NEET, the national level medical examination will be conducted on the 12th of September, with the application forms closed on the 10th of August. This is the second year of the exams being conducted amid a deadly pandemic. While that may be a separate concern, there are others as well.

The Age Barrier Fiasco

Listening to a plea by a minor NEET aspirant Akash Yadav, the Delhi High Court granted the applicant the permission to withdraw his plea and redirect it against the minimum age bar of Graduate Medical Education, 1997 in regulation 4.1, which clearly states that the applicant shall complete the age of 17 years on or before 31st December of the year of admission in the medical sciences.

About the Petitioner 

The applicant, who is 13 months short of the minimum required age of 17 completed his class 12th this year from CBSE, but unlike his classmates, he could not apply for NEET this year because he was ‘too young’ to take the exam. 

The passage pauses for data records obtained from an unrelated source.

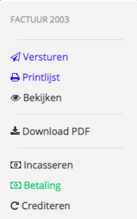 Als eerst zoek je de factuur op. Daarna klik je op het groene knopje en krijg je een pop up te zien.
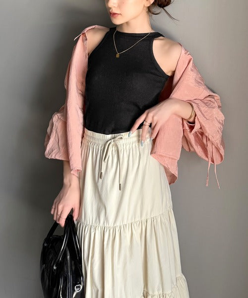今季はオフショルダートップスのなかにレイヤードするのがおすすめ♪
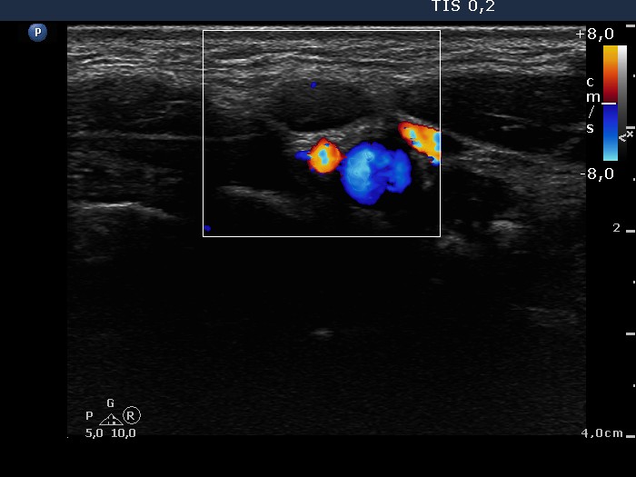 Left side of the neck, above the thyroid, transverse scan, color Doppler mode. There is no vascularization according to the lymph node.
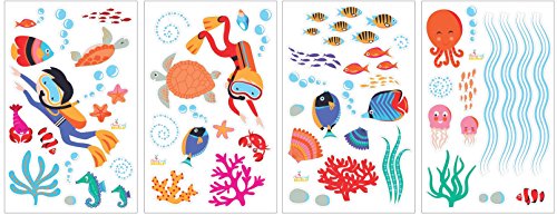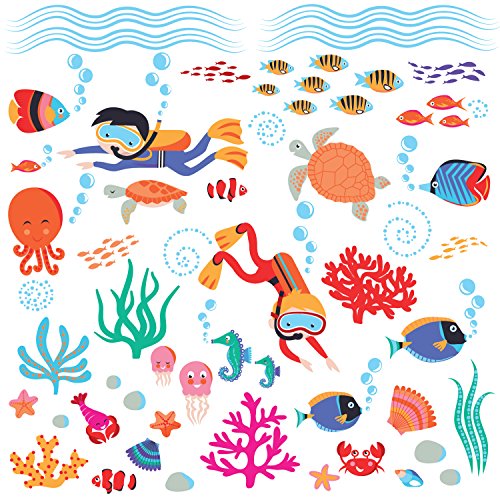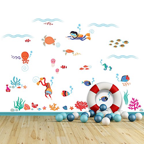 Diving into the Sea & Underwater Creatures Peel & Stick Wall Sticker Decal for Nursery or Kids Room
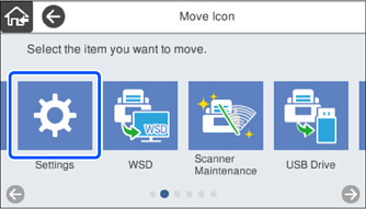 เลือกที่ การตั้งค่า > แก้ไขหน้าจอหลัก > ย้ายไอคอน บนแผงควบคุมของสแกนเนอร์
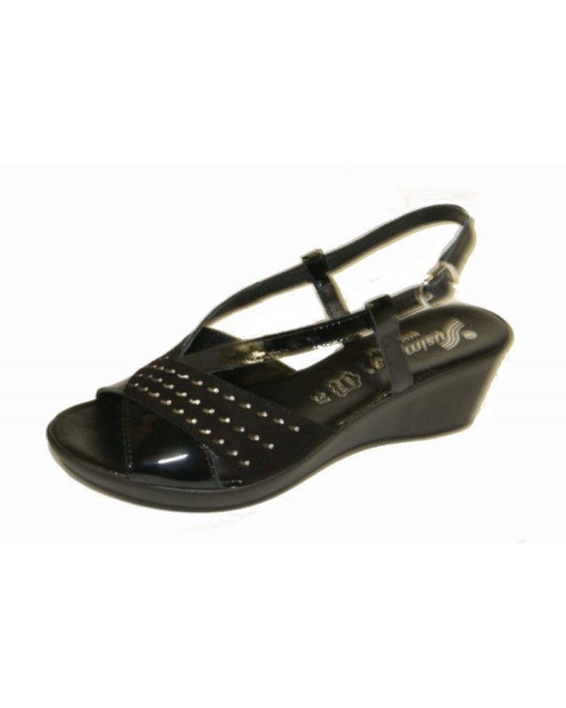 Sandalo Susimoda in vernice e camoscio nero con zeppa
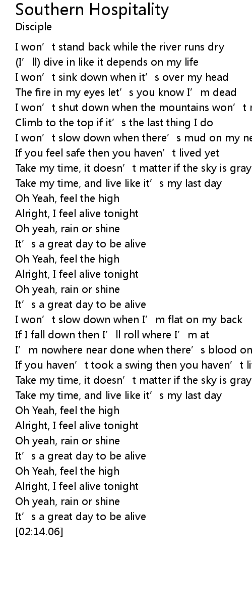 | [02:04.16] | Alright, I feel alive tonight |
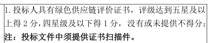 答:按照招标文件执行。绿色供应链评价证书和称绿色供应链认证证书是不同的证书。
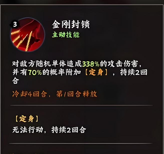 1、主動(dòng)技能金剛封鎖對(duì)敵方隨機(jī)單位造成338%攻擊力傷害,70%幾率附加定身持續(xù)兩回合,定身狀態(tài)下敵方無法行動(dòng),且不會(huì)因受攻擊解除,優(yōu)于束縛效果。

The applicant was barred from applying to appear in the 2021 NEET examinations as he was yet to reach the minimum age criteria. The petition was filed on the 4th of August, two days before the deadline for filing the application forms, which was later extended to the 10th of August. 

Petitioner’s Case Against the Regulations

Dr. Surendra Kumar Yadav, who is the minor’s guardian and petitioner in person took the example of Shree Harini vs Union of India & others case wherein the petitioner, a 16 year old girl was allowed to sit for the 2021 NEET exams by a division bench of Madras High Court. Their case was strengthened by the cited references of multiple child prodigies in the medical sector, like Dr. Bala Murali Krishna ‘Bala’ Ambati, who became an ophthalmologist at the age of 17, a Guinness World Record, Dr. Arpan Doshi who became the youngest physician in the UK at the age of 21 and others as well like Dr. Yasha Asley, Dr. Sho Yano. While at the same time, Highlighting their point of concern about unnecessary age restriction barring the growth of children, quoted the former Chief Justice of India, Justice P.N. Bhagwati about how children have their capacities and who must be helped to find them, to grow into their maturity, else there cannot be a healthy growth of the nation.

Regulations on Graduate Medical Education

In Defense of The Regulations

Defending the 4.1 regulation of the Regulations on Graduate Medical Education, 1997, advocate Tanoodbhav Singhdev, on behalf of the National Medical Commission and the Dental Council of India asserted that the regulations mention that the age of any NEET applicant must be 17 on or before December 31st of the year of examination. Further stating that the regulations have been challenged in the past as well, but have always been upheld primarily relying on the 2003 Writ Petition of Mohit Kumar vs Union of India & ors, Gautam Kapoor vs State of Rajasthan, and Ankit Chaturvedi vs Union of India cases. 

Different Story, Same Troubles!

Although this is not the first time that age relaxations are being talked about, the minimum age restriction has come under less scrutiny than the other restrictions of maximum age and attempts. In 2017, the UGC set maximum age criteria along with that, reducing the maximum attempts by an aspirant. 

Conclusion

As the permission to challenge the minimum age restriction has now been granted by the Delhi High Court, the case will be followed closely by numerous other students facing the same barrier. This will affect many students who are left out of the examination and miss one full year just because they are biologically younger than their counterparts.